The trouble with bed bugs is that the hide in the smallest of cracks in walls etc. It may take a few days to get rid off them, but there is no guarantee. You should wash your clothes in hot hot hot water. Also, they can remain dormant for months and months. They do travel far, so they could move out and walk away or travel in your luggage. YOu may need some cream for the bites.

JonnyCeltics's avatar

I was told NOT to sleep anywhere else because I would just spread it. I am getting like 20–30 bites a night. I have roommates. We are all relatively clean. This just sucks because I am the only one getting pummeled here!

Randy's avatar

I’m with @SundayKittens. Burn the place to the ground, say that aliens did it and rebuild with what the insurance gives you. If you get caught for fraud, just claim temporary insanity due to lack of sleep.
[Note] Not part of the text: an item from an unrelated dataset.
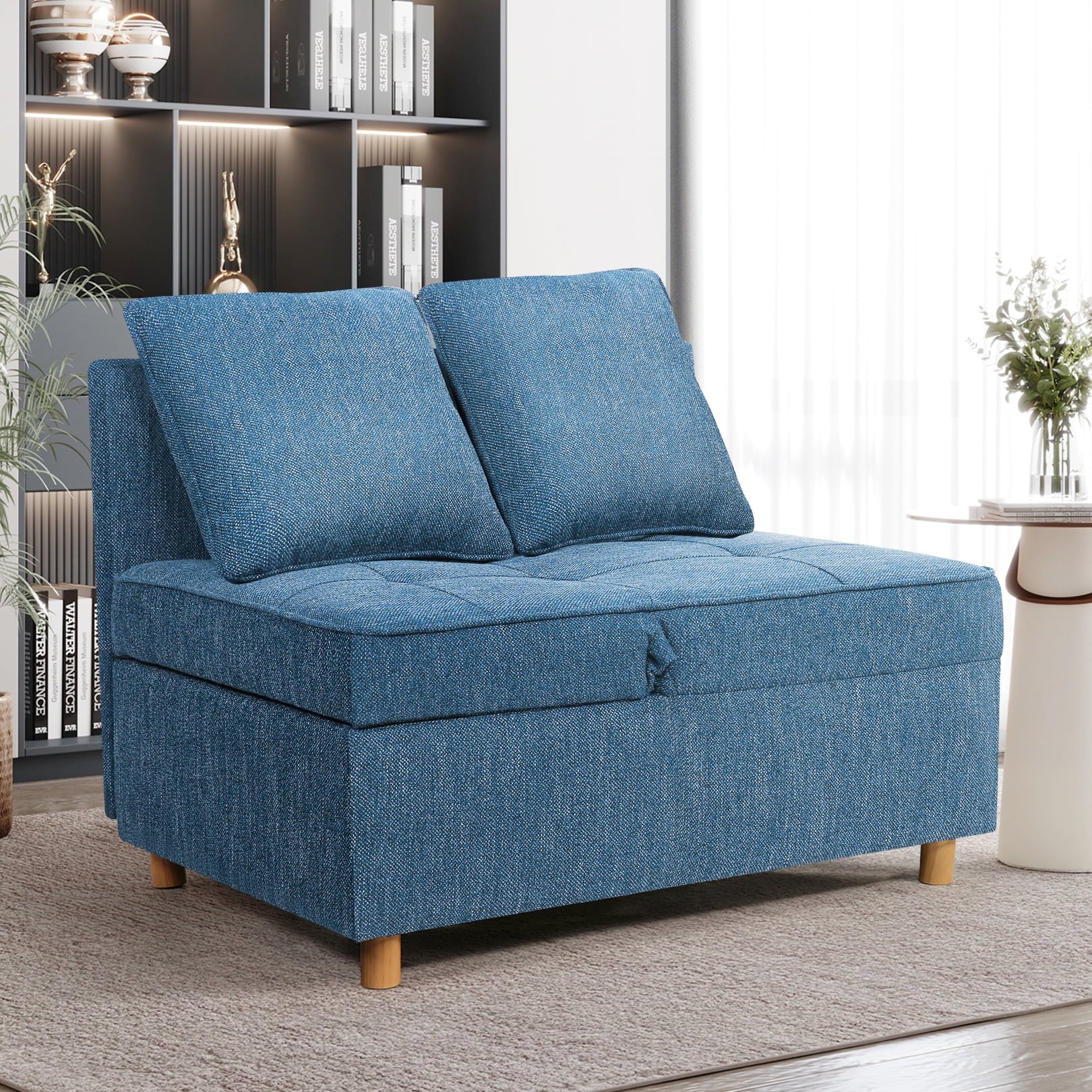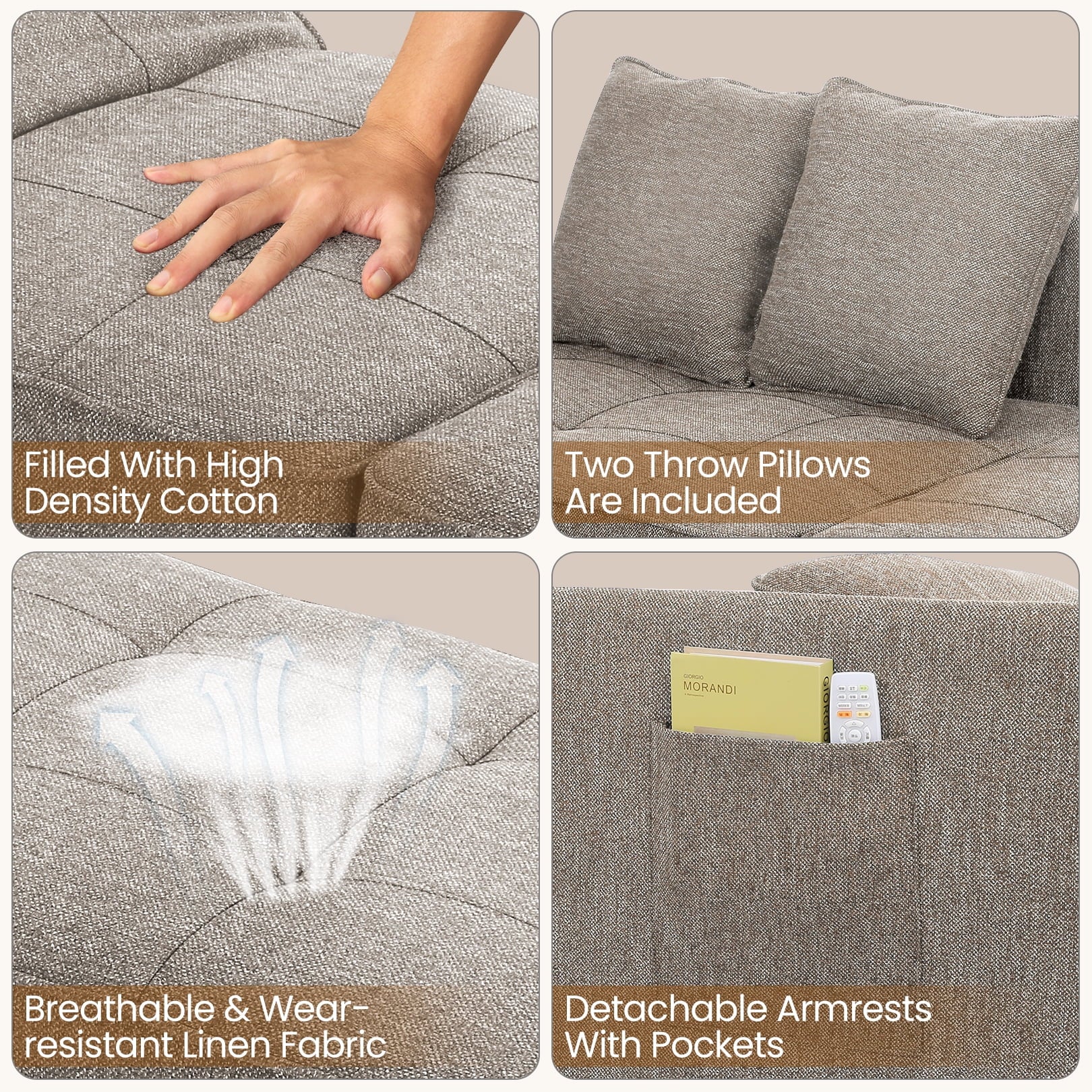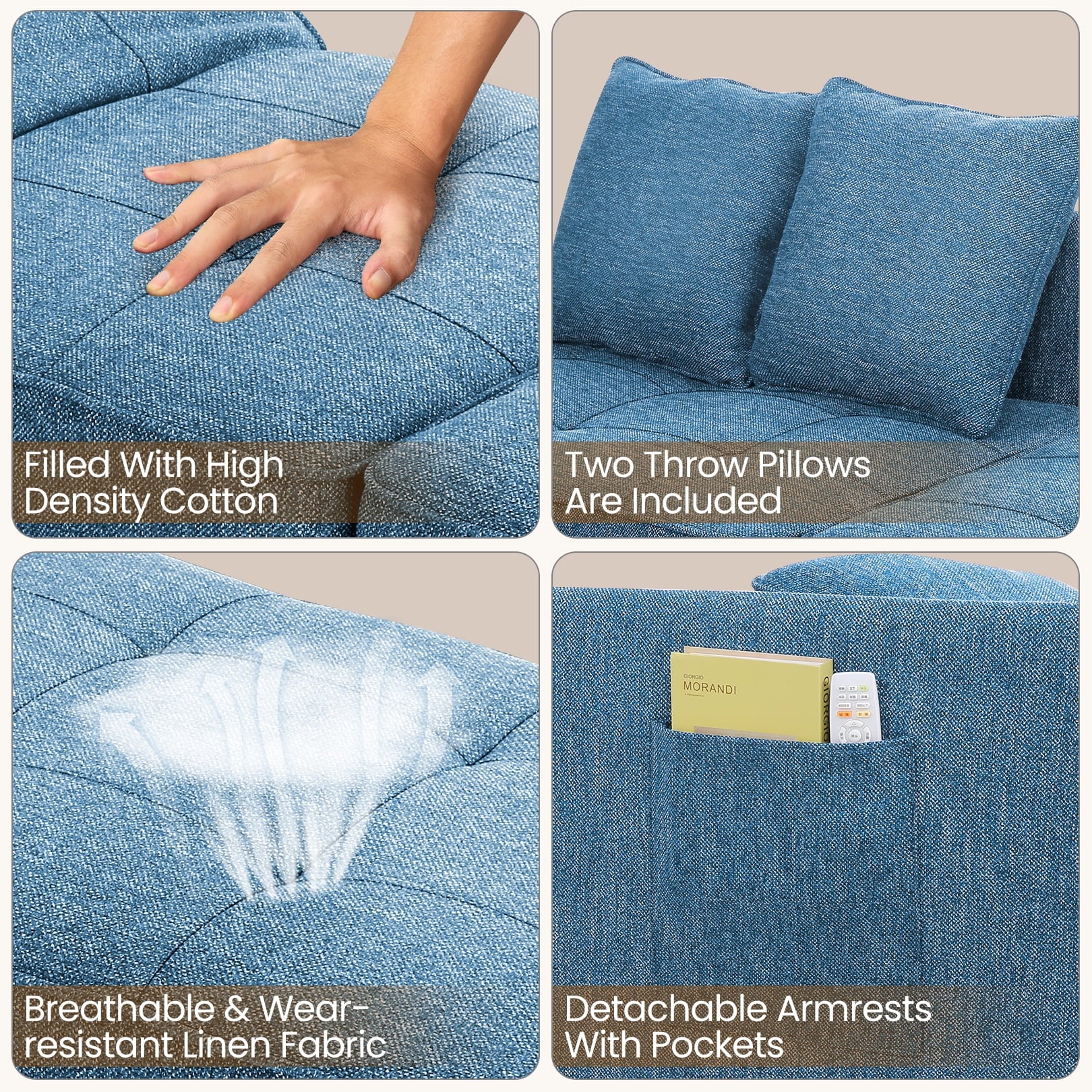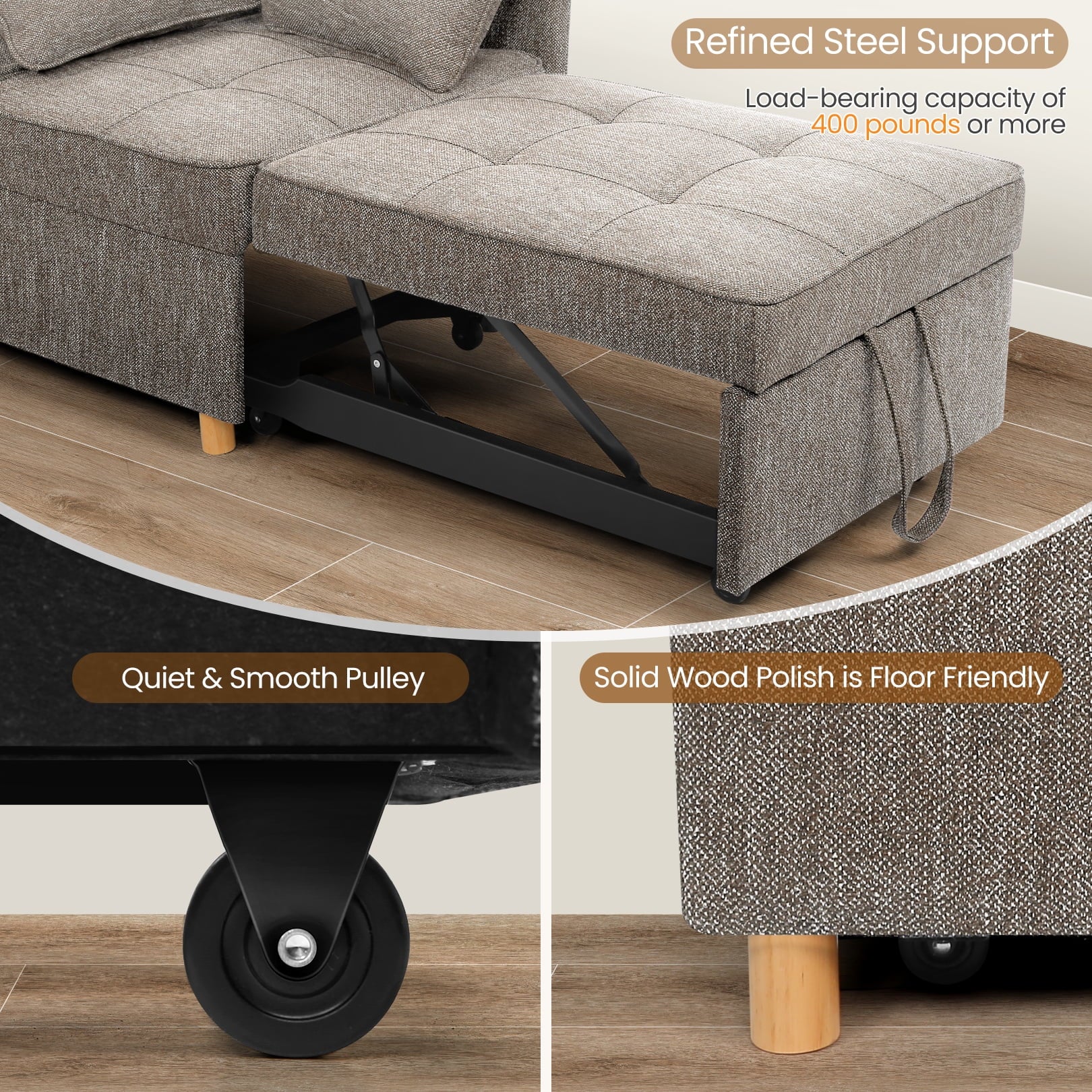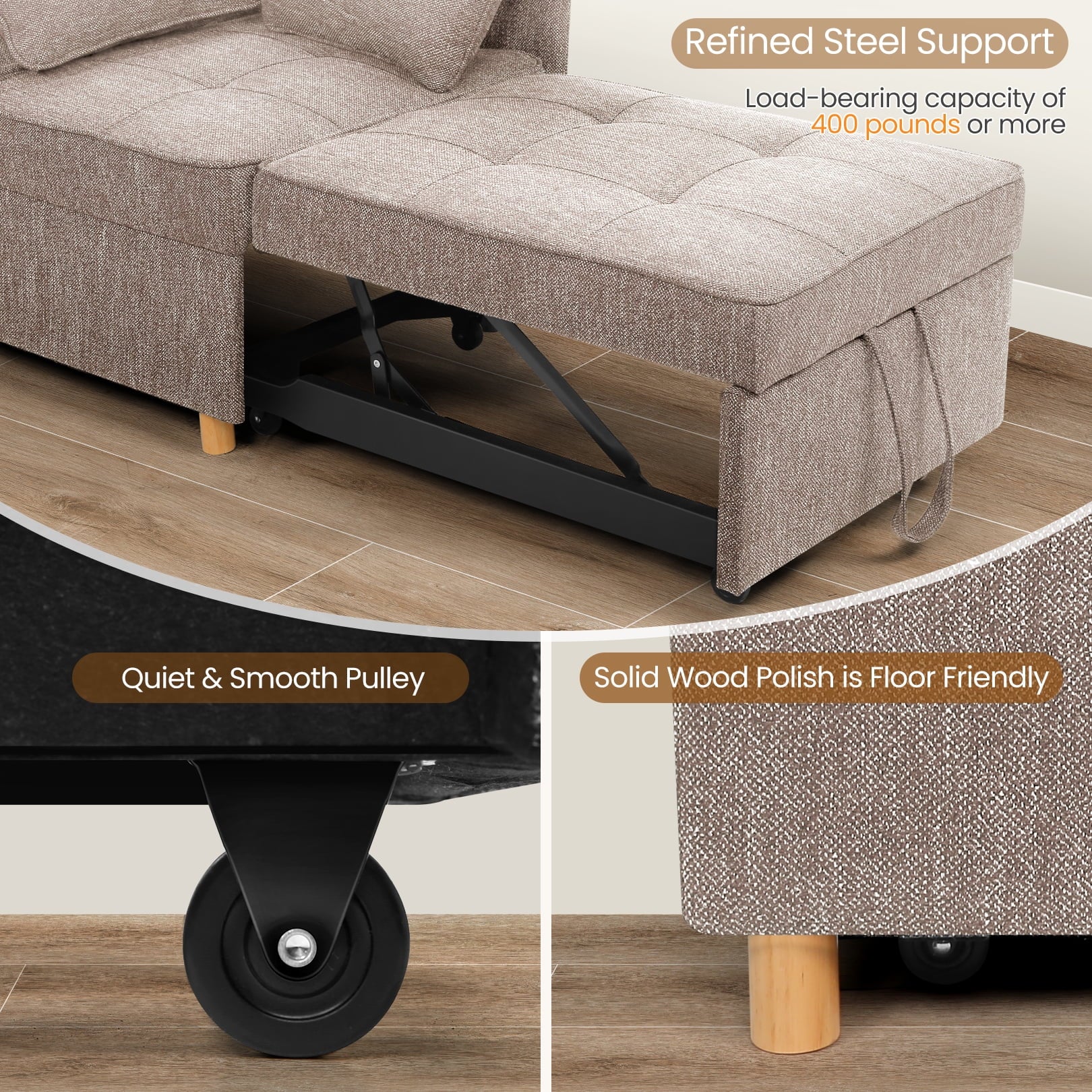 The 4-in-1 Convertible Sofa Bed is a versatile piece of living room furniture that easily and seamlessly converts into a small sofa, a loveseat, a guest bed, or even an ottoman with no assembly required. This durable fabric sofa chair bed is wrapped in breathable linen fabric and filled with premium foam for an extremely comfortable experience. The combination of solid wood and steel frame can hold up to 400 pounds, and the 26-inch wide sofa sleeper bed is wide enough for an adult to enjoy a moment of relaxation.

Really though, that sucks. I’ve been fortunate enough never to have to deal with them. I would suggest maybe sleeping on the couch or in your roommates floor? And definitely get some sort of cream as @Hawkeye mentioned. Hopefully the exterminator can take them out for you.

zophu's avatar

Bedbugs are taking over NYC. Good luck.

BarnacleBill's avatar

Well, if the Ivy League Bed Bug Guide is to be believed, the air mattress is part of your problem. You need a bed on legs, with no bedspread or any other cloth that touches the ground. Put the legs of the bed in cups of mineral oil. According to them, bedbugs are climber/walkers. Make sure your clothing is hung up only.

FR07en's avatar

If you can live with the smell of it, better than the bugs… pour gasoline over everything you can, and that will kill them. That’s what they say people used to do in the motels along what would eventually become the interstates in the country.

augustlan's avatar

@FR07en If you poured gasoline on everything, wouldn’t you just be asking for a fire? I’m pretty sure that’s worse than bedbugs.

FR07en's avatar

Not according to the memoirs I’ve read of the folks that traveled on Route 66 before it was even paved. They said it was either that or be eaten alive by the things. I agree, it’s entirely scary to even have gasoline on your bed and what not. I don’t know further what happened, I mean, when they left the next morning. They said it was due to the influx of immigrants to the US at that time. Everyone was driving old Fords on the nasty roads and wanting to stop with their families at the motels. I think they took their own bedding… maybe, other than the mattresses that came with the rented room. Then I suppose, if you put the gas on there to kill the bugs, you should be able to then wash your stuff afterwards… again, everything but the mattress. It’s just what I read somewhere that the travelers on the new interstates used to do when they thought they might encounter the bedbugs in the motels.

…come to think of it, perhaps it was kerosene and not gasoline they used. That might make more sense, actually. I’m trying right now to locate the text that I read it in originally. Sorry if I made a mistake as to whether it was one or the other fuel that they used, but it was either gas or kerosene, of that I’m certain now.

augustlan's avatar

@FR07en Interesting. Thanks for the clarification.

FR07en's avatar

You’re welcome, and in line with that, but obviously not the answer to this thread’s original question, I did find one of the texts that suggests that bed bugs were prevalent in the travels of people on Route 66 when it was a newer road:

Source:
Route 66: The Highway and Its People
by Susan Croce Kelly, Quinta Scott
Chapter title: Business and Ballyhoo p. 37 par 4:
in 1921, when a national system of paved highways was still not much more than a dream, Cyrus Avery built twenty-five one-room tourists cabins, a service station, and a resturant on the edge of a farm that he owned outside Tulsa. ‘Each one of the individual units had a fireplace out in front of the door to fix meals and things like that,’ remembered Leighton Avery. ‘For washing, though, the guest had to go over to the central building which had showers and tubs—concrete tubs.People at the tourist court were expected to provide their own cooking utensils and food, plus bed linens, towels, and wash cloths.’ Nobody was suprised at that—most automobile travelers were used to camping out in those days, and cabins, cooking space, and a bathhouse were real luxuries.”